- **Instructions to follow**
Using the records below, output the stretch that opens with the line containing "智通财经APP获悉,香港联交" and closes with the line containing "主軸承蓋的連接配合面只能使用 Loctite™ 518", exactly and including both lines, with nothing more.

- **The data**
------------

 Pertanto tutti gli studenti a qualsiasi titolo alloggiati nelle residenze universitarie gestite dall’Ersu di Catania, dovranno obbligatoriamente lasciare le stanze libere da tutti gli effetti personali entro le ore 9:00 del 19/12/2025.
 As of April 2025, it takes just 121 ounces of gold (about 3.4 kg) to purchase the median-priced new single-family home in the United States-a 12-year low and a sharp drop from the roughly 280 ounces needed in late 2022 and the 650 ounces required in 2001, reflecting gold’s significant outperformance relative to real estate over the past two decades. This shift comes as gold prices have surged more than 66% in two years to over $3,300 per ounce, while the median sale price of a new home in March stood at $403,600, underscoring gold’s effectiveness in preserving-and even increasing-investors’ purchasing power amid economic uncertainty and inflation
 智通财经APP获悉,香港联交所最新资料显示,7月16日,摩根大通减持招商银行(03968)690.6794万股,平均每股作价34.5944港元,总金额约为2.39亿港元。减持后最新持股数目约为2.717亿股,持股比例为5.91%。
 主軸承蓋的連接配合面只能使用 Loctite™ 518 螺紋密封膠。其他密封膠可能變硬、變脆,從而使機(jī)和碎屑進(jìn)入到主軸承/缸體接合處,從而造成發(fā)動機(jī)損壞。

------------

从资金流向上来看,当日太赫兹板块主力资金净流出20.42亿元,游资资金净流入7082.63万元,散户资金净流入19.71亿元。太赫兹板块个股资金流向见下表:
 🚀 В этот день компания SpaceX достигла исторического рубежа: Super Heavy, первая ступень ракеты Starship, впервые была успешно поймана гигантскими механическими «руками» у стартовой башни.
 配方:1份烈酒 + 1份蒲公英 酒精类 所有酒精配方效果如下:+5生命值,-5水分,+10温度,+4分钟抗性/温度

------------

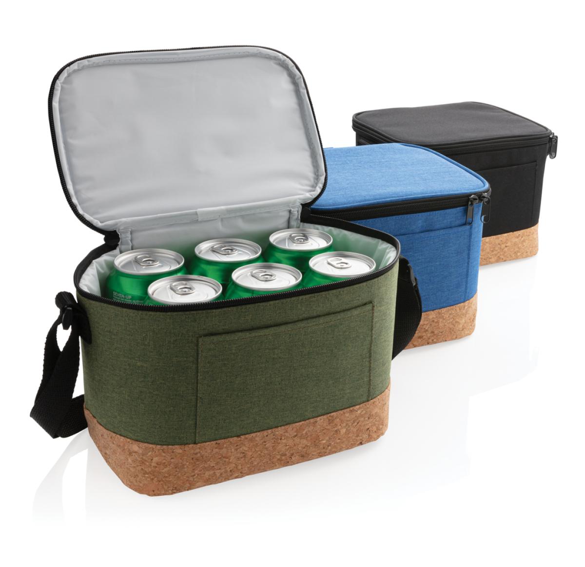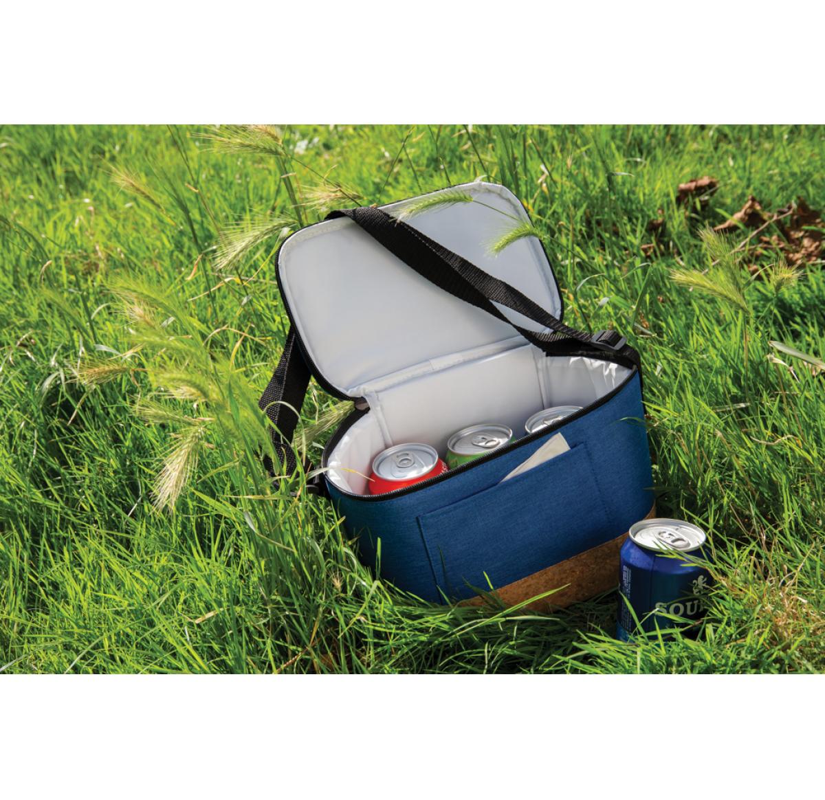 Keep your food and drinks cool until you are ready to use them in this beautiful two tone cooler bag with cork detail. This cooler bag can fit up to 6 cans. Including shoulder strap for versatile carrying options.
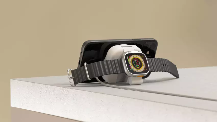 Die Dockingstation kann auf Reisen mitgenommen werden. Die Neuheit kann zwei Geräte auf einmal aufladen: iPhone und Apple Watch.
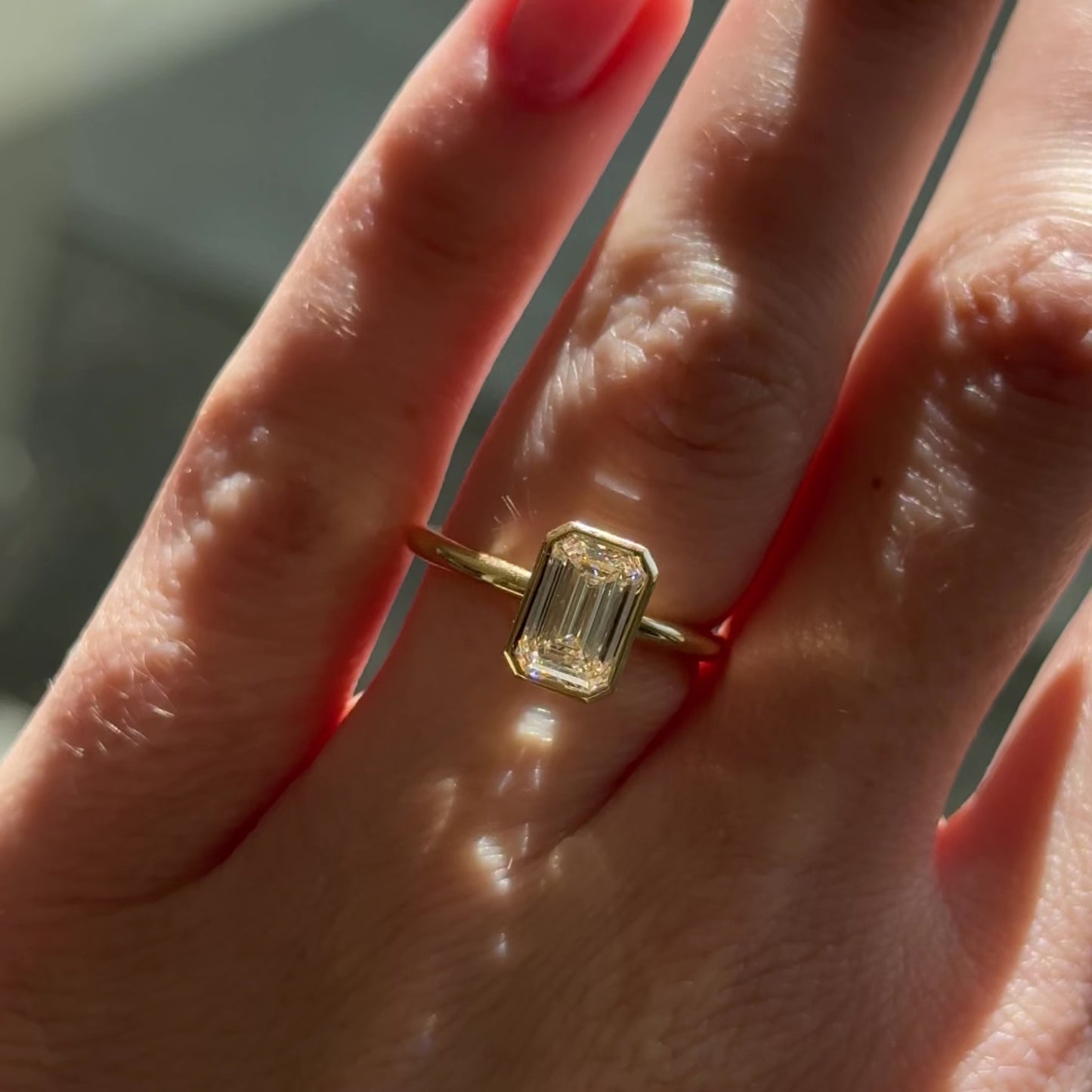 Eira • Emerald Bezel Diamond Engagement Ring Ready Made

------------

- **Exercise solution**
 智通财经APP获悉,香港联交所最新资料显示,7月16日,摩根大通减持招商银行(03968)690.6794万股,平均每股作价34.5944港元,总金额约为2.39亿港元。减持后最新持股数目约为2.717亿股,持股比例为5.91%。
 主軸承蓋的連接配合面只能使用 Loctite™ 518 螺紋密封膠。其他密封膠可能變硬、變脆,從而使機(jī)和碎屑進(jìn)入到主軸承/缸體接合處,從而造成發(fā)動機(jī)損壞。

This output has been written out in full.